Is the treadmill a substitute for all exercise?


The treadmill's role in a dog's fitness program is similar to the role a treadmill plays in human fitness. You wouldn’t simply walk on a treadmill for 20-45 minutes per day and call that adequate exercise. Dogs still need to be socialized and walked outside. Having the treadmill option helps owners who have to contend with rainy weather, hot weather, allergies or other medical conditions that keep them from being able to exercise their dogs as much as the dog needs, in order to stay healthy, relaxed and happy. Most of all, we understand that people have busy schedules. In today’s world, many  families have two working parents, two or more children and two or more pets. Dogs can run in the morning, while the family is getting ready for school and work, or when owners return home and are relaxing by the TV. Now bad weather, time constraints and medical issues don’t have to affect the amount of exercise your dog is getting.

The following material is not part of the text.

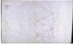
Progress Sketch of the Primary Triangulation (NYSA_B1405-96_174)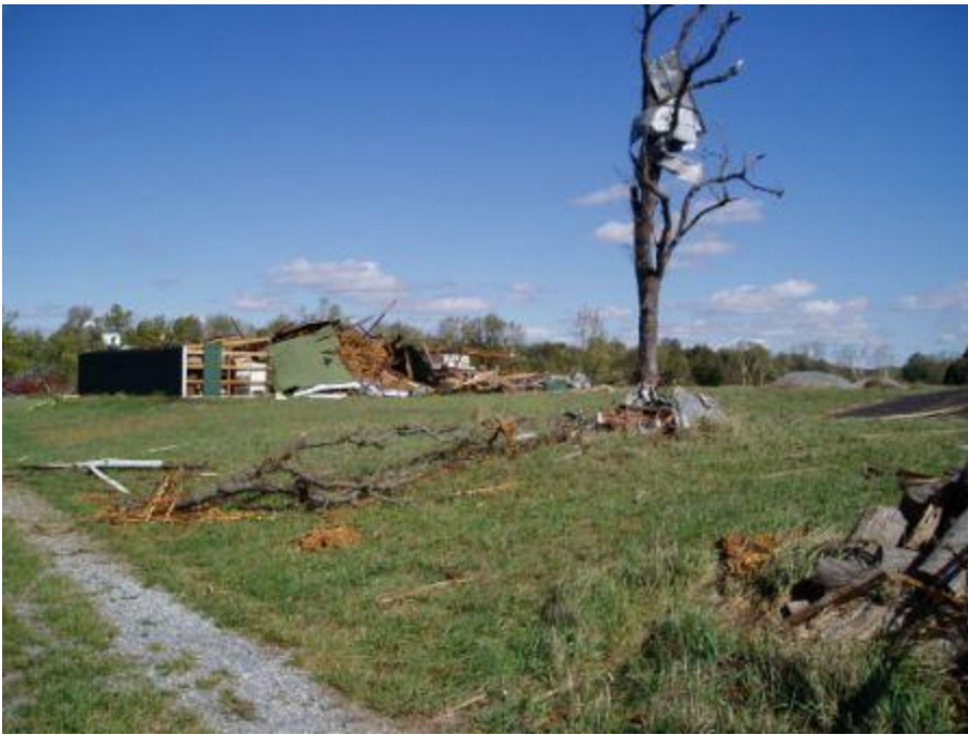
Garage and tobacco barns were destroyed...

I do believe that socializing your dog, taking them on walks, running, hiking and other outdoor activities should be a part of your dog's lifestyle. Dogs are not meant to be couch potatoes; they need exercise and social activity for optimum health.

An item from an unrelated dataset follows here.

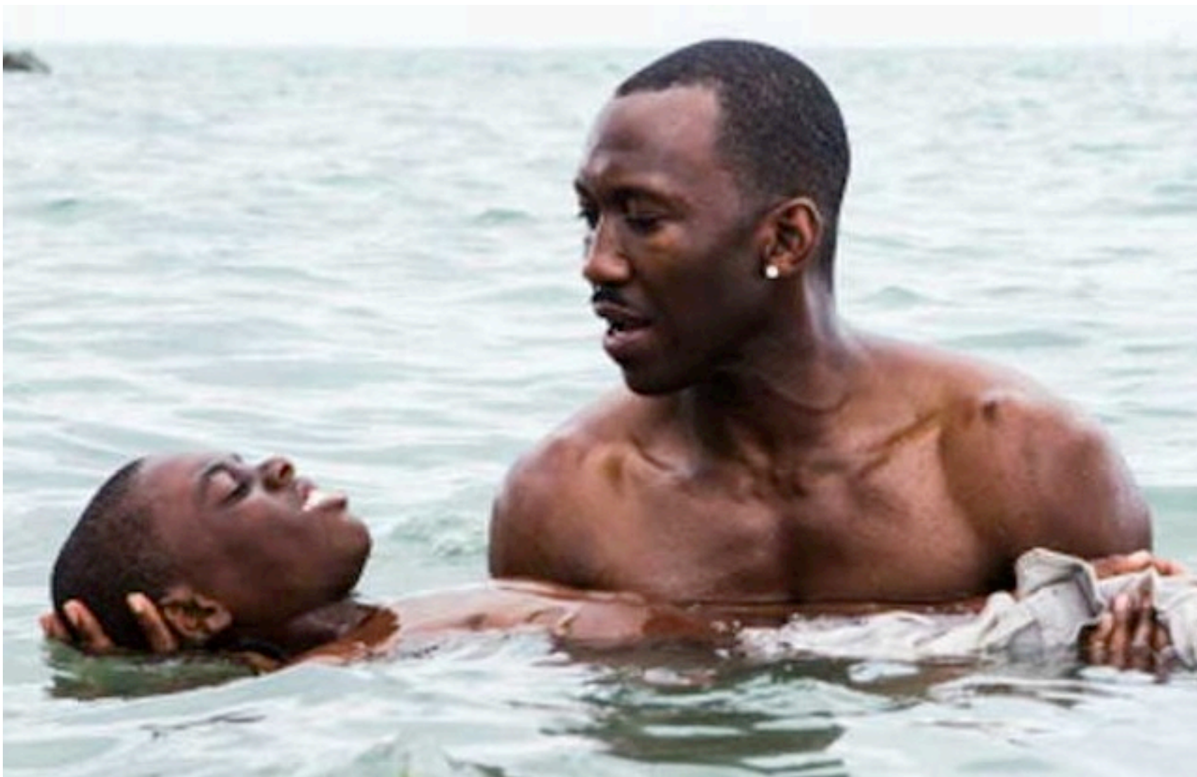
Watch the Water: Little (Alex Hibbert) is Uplifted by Juan (Mahershala Ali) in ‘Moonlight’

Before beginning any exercise program with your canine athlete, have your veterinarian perform a full health check to detect any physical problems that could be aggravated by the activity. Very young dogs must be limited in their activities to ensure that exercise activity will not harm still-forming bones. (In general, it is best to wait until the growth plates have fully closed.) Care must also be taken with older dogs to guard against injuries to joints, but they can still benefit from a slow, walking speed to get joints moving.